Chen Meng-Ling, Bao Feng, Zhang Yu-Qiu, Zhao Zhi-Qi
School of Bioscience and Food Engineering, Changshu Institute of Technology, Changshu 215500, China.
Sheng Li Xue Bao. 2012 Aug 25;64(4):365-71.
The previous study indicated that aquaporin 4 (AQP4) deficiency attenuated opioid physical dependence. However, the underlying mechanism remains unknown. In the present study, the effects of AQP4 deficiency on the expression of three factors, protein kinase C (PKC) α, PKCγ and c-Fos in the spinal cord, which are known to be concerned with spinal neuronal sensitization and opiate dependence, were investigated in AQP4 knockout mice using Western blotting analysis. It was observed that AQP4 deficiency reduced the score of naloxone-precipitated abstinent jumping after repeated morphine administration compared with wild-type (P < 0.001). Meanwhile, the protein levels of PKCα and c-Fos in the spinal cord of AQP4 knockout mice were significantly higher than those in the wild-type mice; while the expression of PKCγ was decreased remarkably by AQP4 knockout during the withdrawal (P < 0.01). These data suggest that AQP4 deficiency-attenuated morphine withdrawal responses may be partially attributed to the changes in the spinal expression of PKCα, PKCγ or c-Fos.

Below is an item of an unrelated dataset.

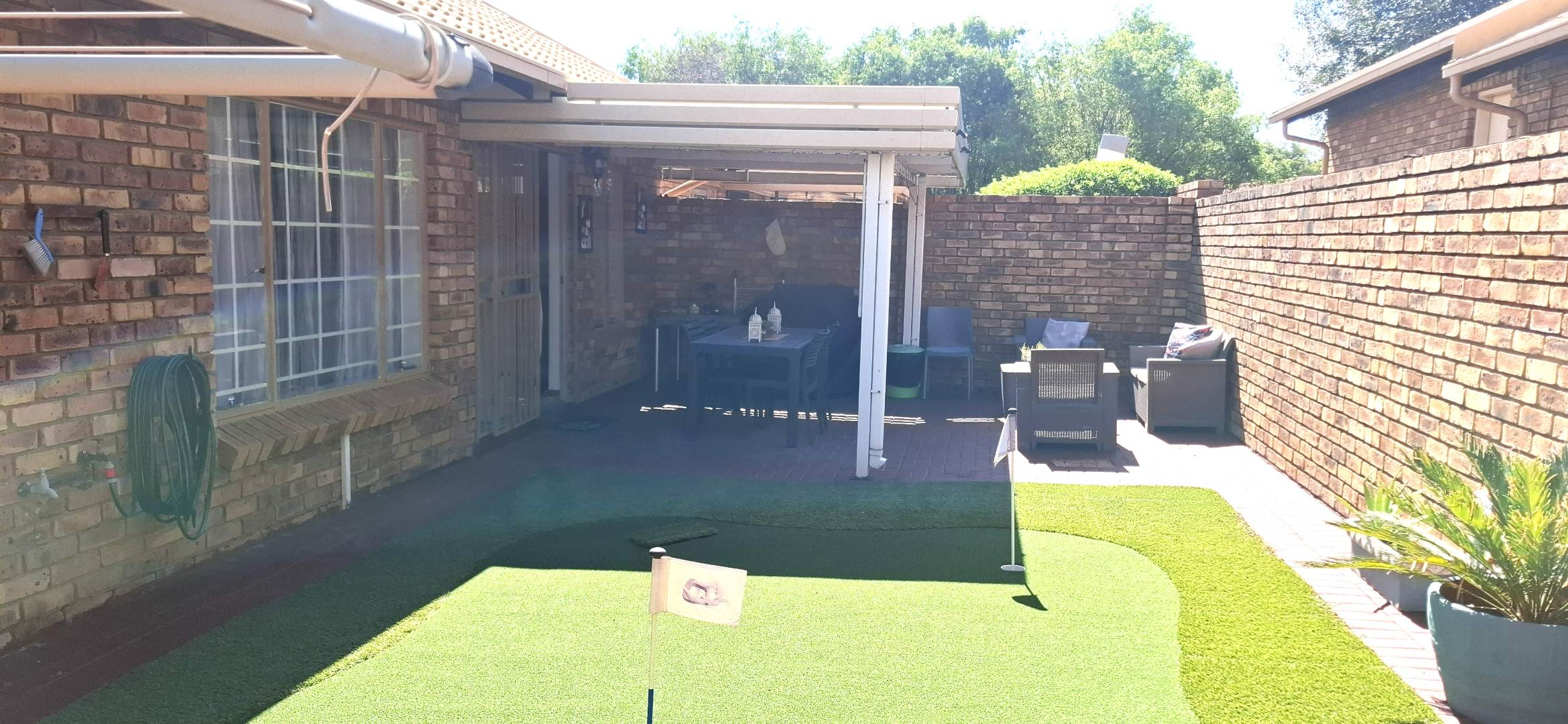 Outdoor living is a standout feature, with a covered patio ideal for entertaining or relaxing. This area includes a unique artificial turf putting green, adding a touch of leisure and charm. The property also offers access to a swimming pool situated in the complex with a beautiful garden for relaxation and perfect for warm summer days.

先前的研究表明水通道蛋白4(AQP4)缺乏会减弱阿片类物质身体依赖性。然而,其潜在机制仍不清楚。在本研究中,利用蛋白质印迹分析,在AQP4基因敲除小鼠中研究了AQP4缺乏对脊髓中已知与脊髓神经元致敏和阿片类物质依赖性有关的三种因子,即蛋白激酶C(PKC)α、PKCγ和c-Fos表达的影响。观察到与野生型相比,AQP4缺乏使重复给予吗啡后纳洛酮诱发的戒断跳跃评分降低(P < 0.001)。同时,AQP4基因敲除小鼠脊髓中PKCα和c-Fos的蛋白水平显著高于野生型小鼠;而在戒断期间,AQP4基因敲除使PKCγ的表达显著降低(P < 0.01)。这些数据表明,AQP4缺乏减弱的吗啡戒断反应可能部分归因于PKCα、PKCγ或c-Fos脊髓表达的变化。